Entre passion et désillusion, Un amour impossible explore un amour destructeur qui traverse les décennies. De la romance naissante à la douleur des choix imposés, découvrez comment Rachel et Chantal vivent cet amour qui ne devait jamais exister.
Quand l’amour tourne au destructeur
À première vue, on pourrait croire à une belle romance classique des années 50 : Rachel, une jeune employée modeste, rencontre Philippe, fils de bourgeois, dans un bal provincial. Ils tombent éperdument amoureux, ou du moins, Rachel croit l’être. Sauf que très vite, le film nous montre qu’il y a quelque chose de profondément déséquilibré dans ce duo. Philippe flirte avec la domination sous couvert de charme, rabaisse Rachel, joue avec ses désirs et ses rêves, et ne veut surtout ni l’épouser ni l’assumer.

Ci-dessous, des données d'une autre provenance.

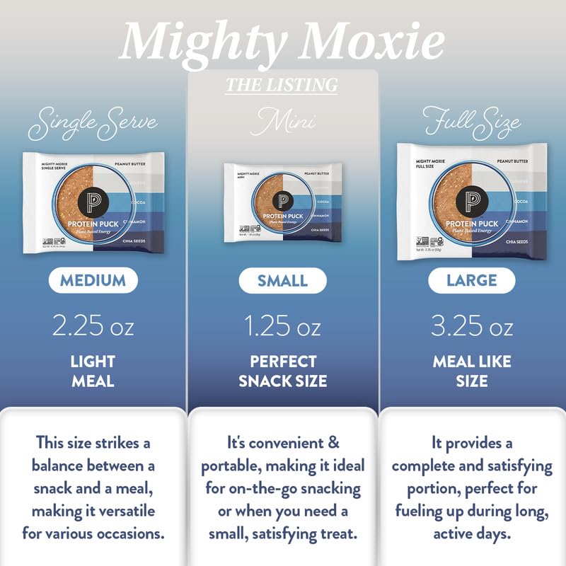 Protein Puck Vegan Plant based Protein Bar - Natural Healthy Snack Bars, 12 Count, 1.34oz Mini, Gluten Free, Dairy Free, No GMO, Kosher - Mighty Moxie - Cocoa, Cashew, Cinnamon, Sport Nutrition

Ce n’est pas juste un mec un peu égoïste, c’est un manipulateur subtil qui utilise ses discours intellectuels et son charme pour maintenir Rachel dans une position d’infériorité : il la pousse à s’auto‑justifier, à lire Nietzsche parce que « ça serait bon pour elle », et il se moque de ses origines.
Le film camoufle cette violence dans des scènes banales (un mot, un silence, une remise en question permanente) mais c’est cette violence symbolique au quotidien qui s’avère la plus corrosive, et Corsini n’en fait jamais un grand spectacle, elle montre plutôt ce malaise qui s’installe lentement, dans le quotidien.
Une relation toxique sous toutes ses formes
Ce qui frappe dans Un amour impossible, c’est que Philippe n’est pas toujours un “méchant évident”. Au début, il est charmant, drôle, séduisant… et c’est précisément ce qu’il faut pour que Rachel tombe amoureuse. C’est une tactique classique des relations abusives : attirer, flatter, séduire… puis petit à petit isoler, dominer, rabaisser.
Le film montre comment Rachel s’efface peu à peu : elle abandonne son désir de relation stable, elle encaisse les remarques sur sa classe sociale, elle minimise les signes d’indifférence. Et quand elle tombe enceinte, ce n’est pas un pas vers l’avenir… c’est le début d’un long chemin de lutte contre un homme qui refuse de reconnaître sa paternité, puis de réellement assumer son rôle de père.
La violence invisible et les secrets de famille
Ce qui rend Un amour impossible encore plus dur, c’est que cette relation toxique ne s’arrête pas à une séparation classique. Des décennies plus tard, quand Philippe se “rappelle” de sa fille Chantal, il essaie de renouer, mais sa présence n’apporte pas de paix. Il continue d’imposer sa volonté et sa vision du monde, laissant derrière lui une traînée de confusion, de colère et de blessures chez sa fille.
Le film suggère aussi quelque chose de plus sombre encore. Une transgression qui dépasse la simple domination, touchant à la perturbation profonde des liens familiaux et à des comportements abusifs longuement tus. Même si Catherine Corsini ne met pas cela à l’écran de façon explicite, l’allusion et le contexte suffisent à faire grandir le malaise chez le spectateur.
Une fin qui ne pardonne rien
La fin du film n’offre pas de réconciliation idyllique. Elle n’efface pas la douleur, elle ne nettoie pas les traces de la domination et des abus. Rachel gagne peut‑être un combat juridique, mais elle paie au prix fort ce qu’elle a donné à cet amour impossible. Et Chantal, devenue adulte, doit affronter non seulement l’absence d’un père engagé, mais aussi le poids de ses blessures émotionnelles et l’ambivalence de ses sentiments.
Parfois, l’amour ne suffit pas, il ne sauve rien et les cicatrices, celles qu’on ne voit pas sur la peau, restent longtemps après la dernière image.